--- Exercise data ---
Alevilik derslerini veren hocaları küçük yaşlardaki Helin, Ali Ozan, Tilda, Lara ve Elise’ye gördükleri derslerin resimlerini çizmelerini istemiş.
...
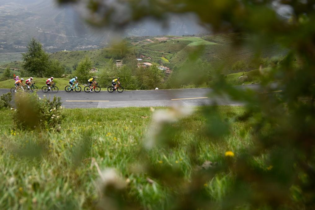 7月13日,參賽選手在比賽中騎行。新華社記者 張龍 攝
---
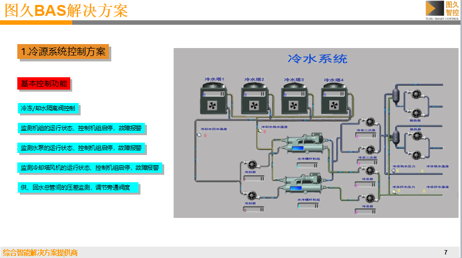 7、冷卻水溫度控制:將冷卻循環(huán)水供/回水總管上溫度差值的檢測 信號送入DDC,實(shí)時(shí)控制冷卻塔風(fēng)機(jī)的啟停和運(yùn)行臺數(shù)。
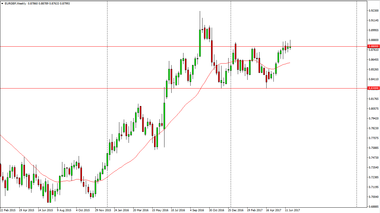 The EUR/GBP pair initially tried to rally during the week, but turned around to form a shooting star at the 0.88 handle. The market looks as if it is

--- Aim of the task ---
Nothing but the lines from the one with "7、冷卻水溫度控制:將冷卻循" up to and including the one with "The EUR/GBP pair" should be printed, exactly as they read above. Please keep the pictures out.

--- Solution to this task ---
 7、冷卻水溫度控制:將冷卻循環(huán)水供/回水總管上溫度差值的檢測 信號送入DDC,實(shí)時(shí)控制冷卻塔風(fēng)機(jī)的啟停和運(yùn)行臺數(shù)。
 The EUR/GBP pair initially tried to rally during the week, but turned around to form a shooting star at the 0.88 handle. The market looks as if it is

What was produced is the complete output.